Exclude all pictures, and reproduce exactly the lines from the one containing "Roll out the" through the end of the records, with nothing else added.
(Supplied data)
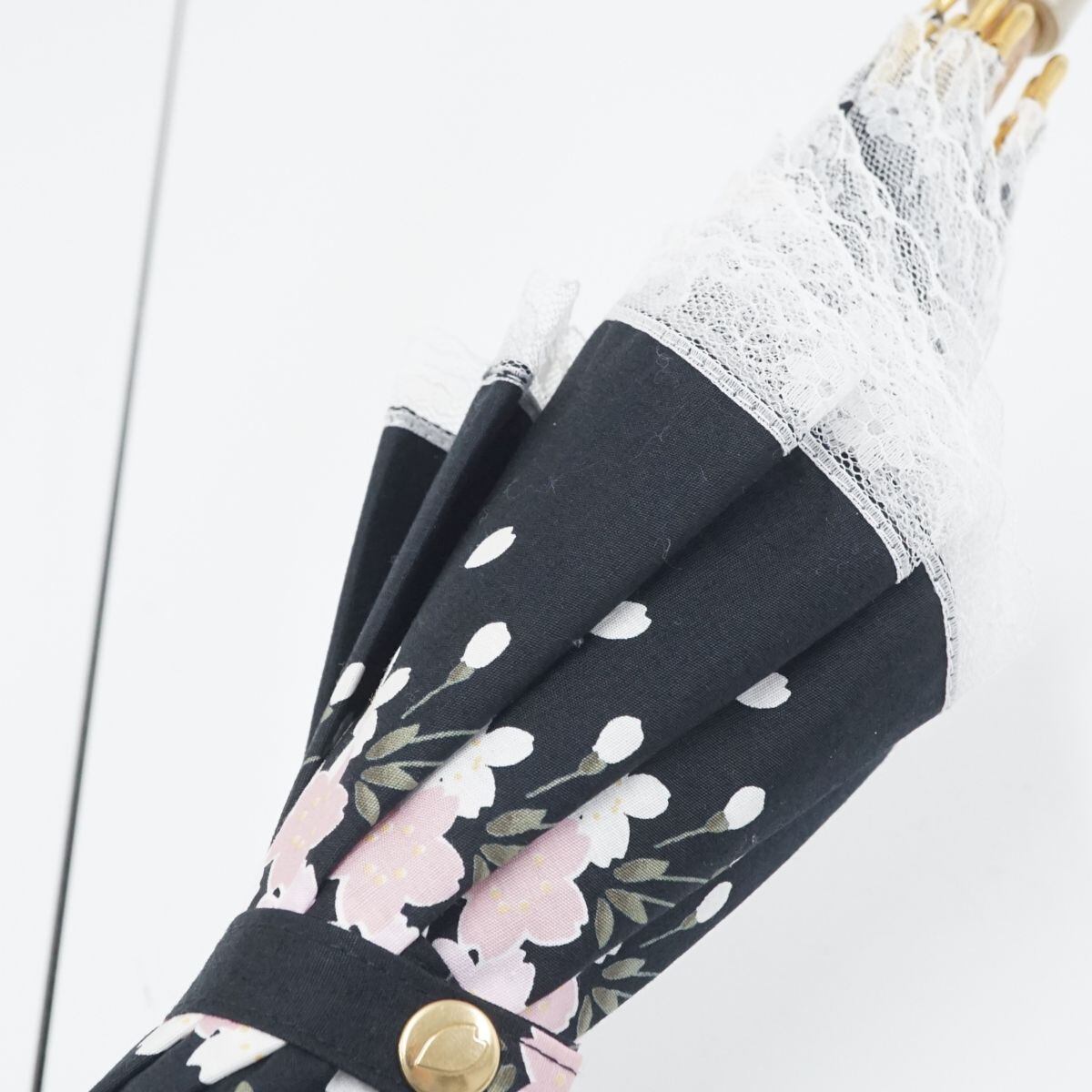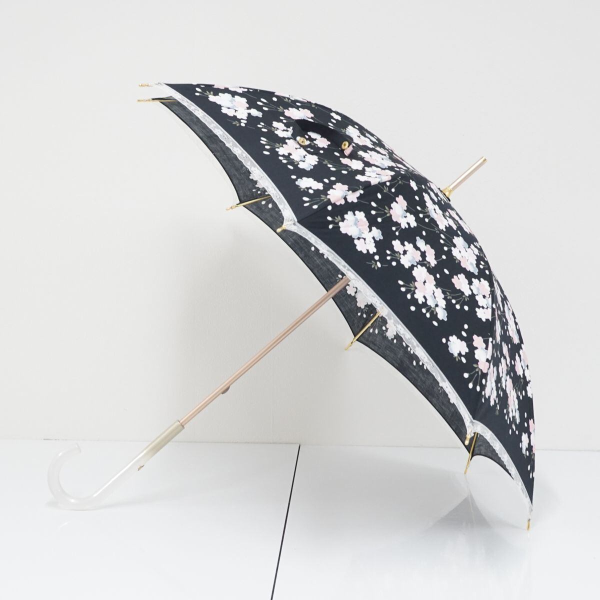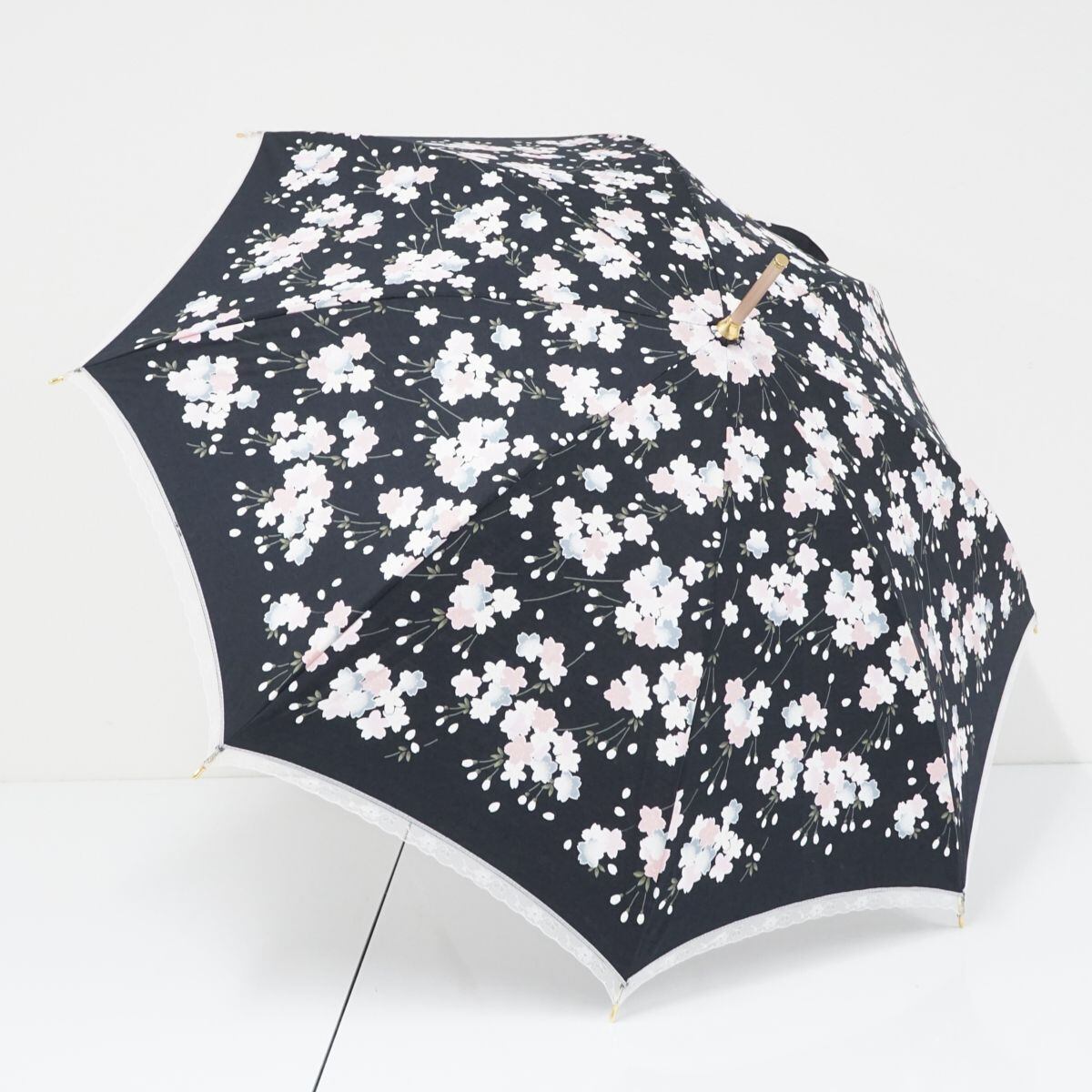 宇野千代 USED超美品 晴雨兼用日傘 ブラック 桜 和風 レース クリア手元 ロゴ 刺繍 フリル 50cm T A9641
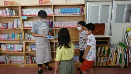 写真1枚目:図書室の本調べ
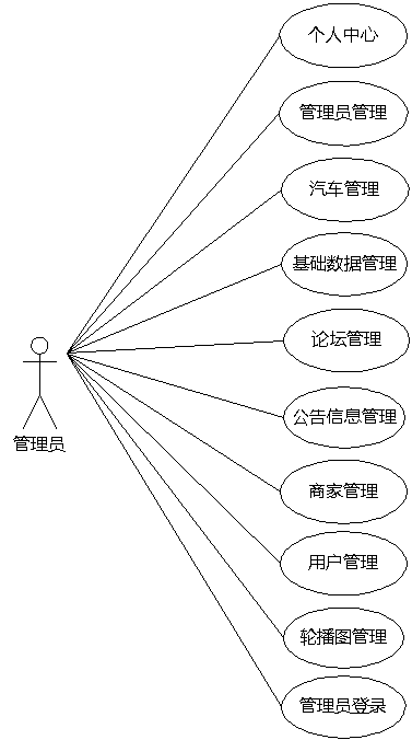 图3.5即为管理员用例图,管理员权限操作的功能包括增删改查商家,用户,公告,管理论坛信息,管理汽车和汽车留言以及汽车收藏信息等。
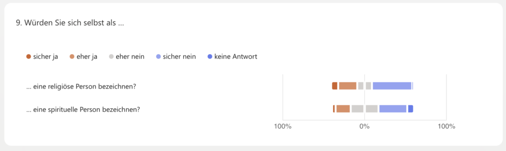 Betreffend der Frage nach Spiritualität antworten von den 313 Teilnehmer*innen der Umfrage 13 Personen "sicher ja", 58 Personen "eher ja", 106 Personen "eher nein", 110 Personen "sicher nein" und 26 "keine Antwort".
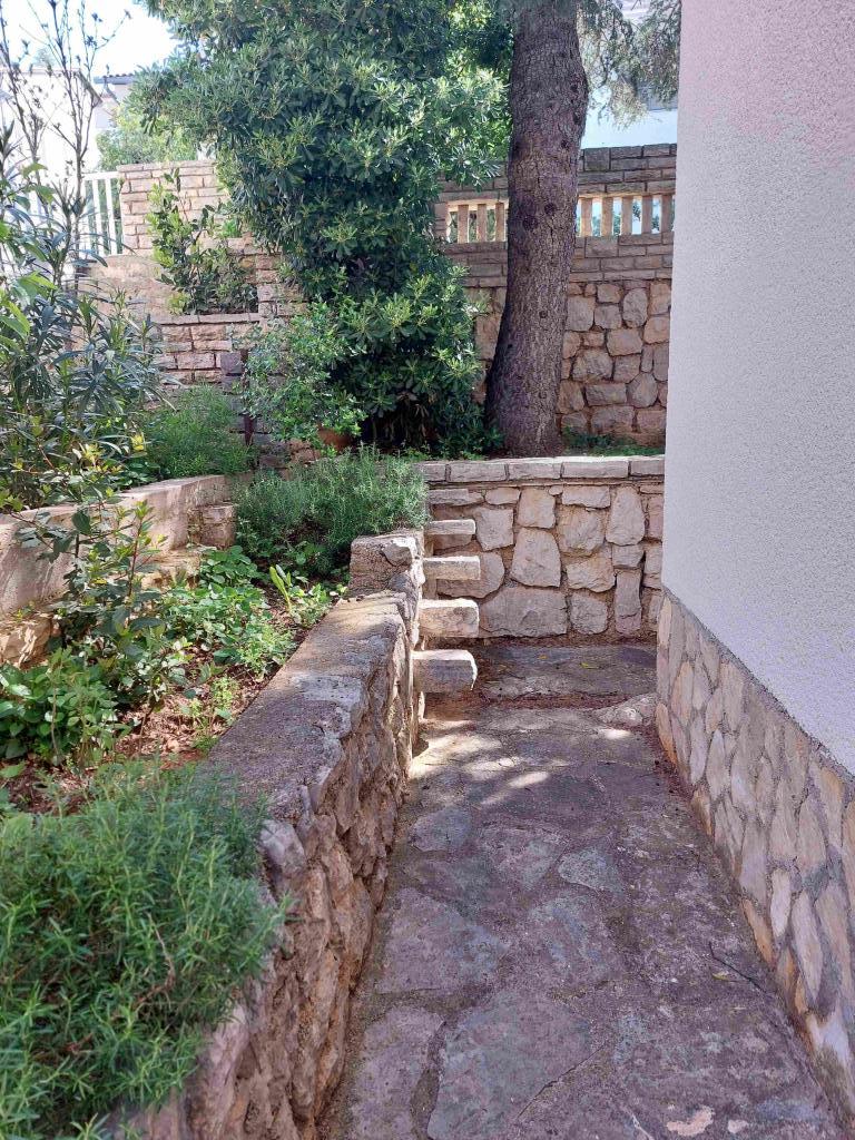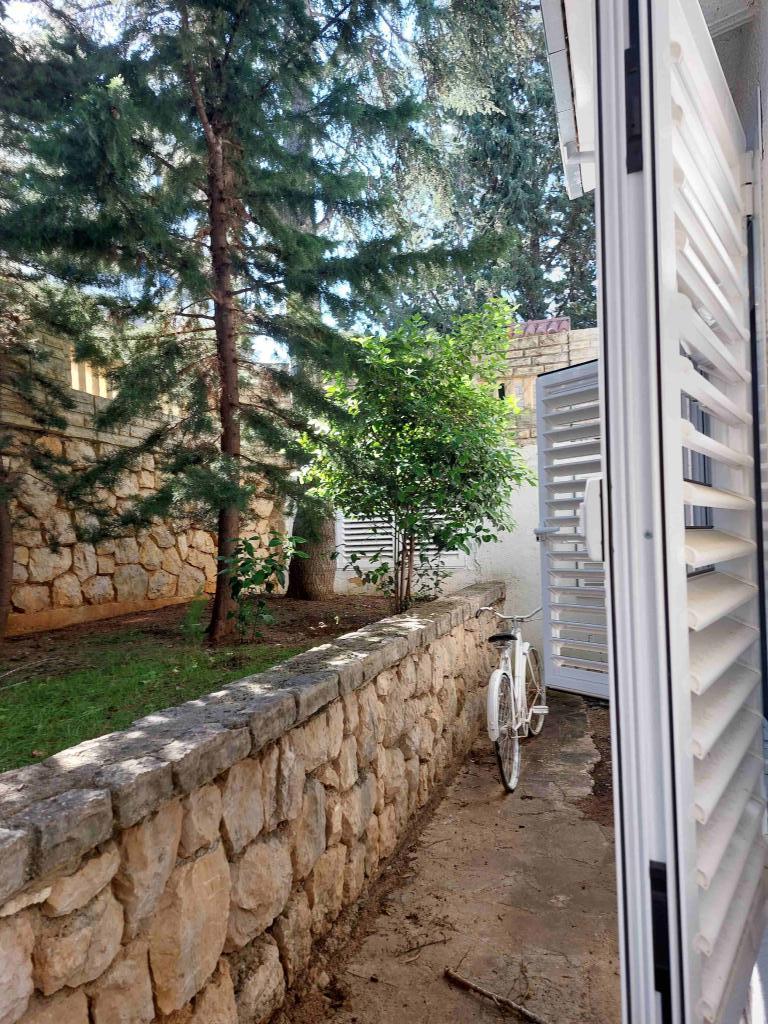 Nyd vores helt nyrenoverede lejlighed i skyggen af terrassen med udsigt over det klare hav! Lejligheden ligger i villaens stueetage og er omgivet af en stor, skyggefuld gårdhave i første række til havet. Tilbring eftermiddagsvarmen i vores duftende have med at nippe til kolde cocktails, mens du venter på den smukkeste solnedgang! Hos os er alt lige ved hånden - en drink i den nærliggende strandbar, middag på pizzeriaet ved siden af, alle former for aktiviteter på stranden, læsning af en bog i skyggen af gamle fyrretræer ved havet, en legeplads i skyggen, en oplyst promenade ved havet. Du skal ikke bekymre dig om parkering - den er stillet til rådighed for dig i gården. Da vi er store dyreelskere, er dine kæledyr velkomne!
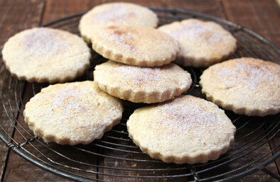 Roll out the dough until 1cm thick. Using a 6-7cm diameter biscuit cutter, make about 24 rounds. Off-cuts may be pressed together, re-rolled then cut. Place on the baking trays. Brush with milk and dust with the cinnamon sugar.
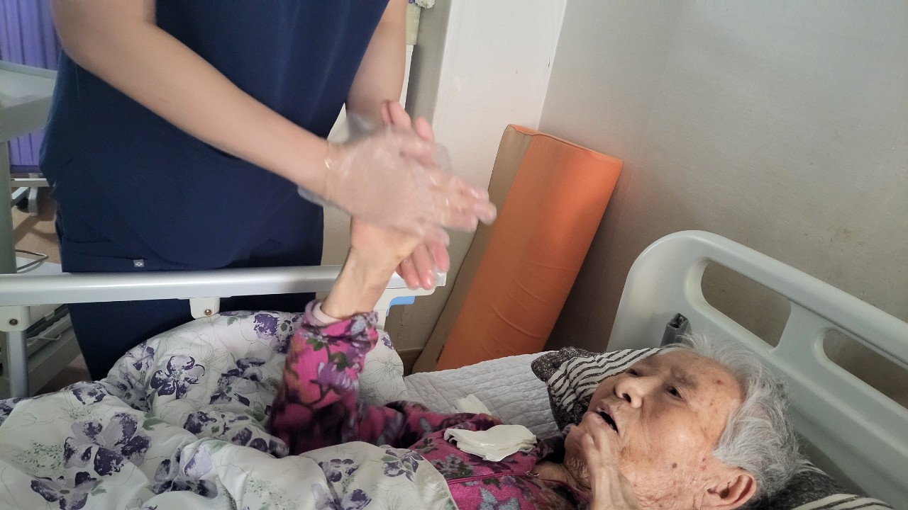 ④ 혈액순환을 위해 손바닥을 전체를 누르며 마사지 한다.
(End Supplied data)
Task result:
 Roll out the dough until 1cm thick. Using a 6-7cm diameter biscuit cutter, make about 24 rounds. Off-cuts may be pressed together, re-rolled then cut. Place on the baking trays. Brush with milk and dust with the cinnamon sugar.
 ④ 혈액순환을 위해 손바닥을 전체를 누르며 마사지 한다.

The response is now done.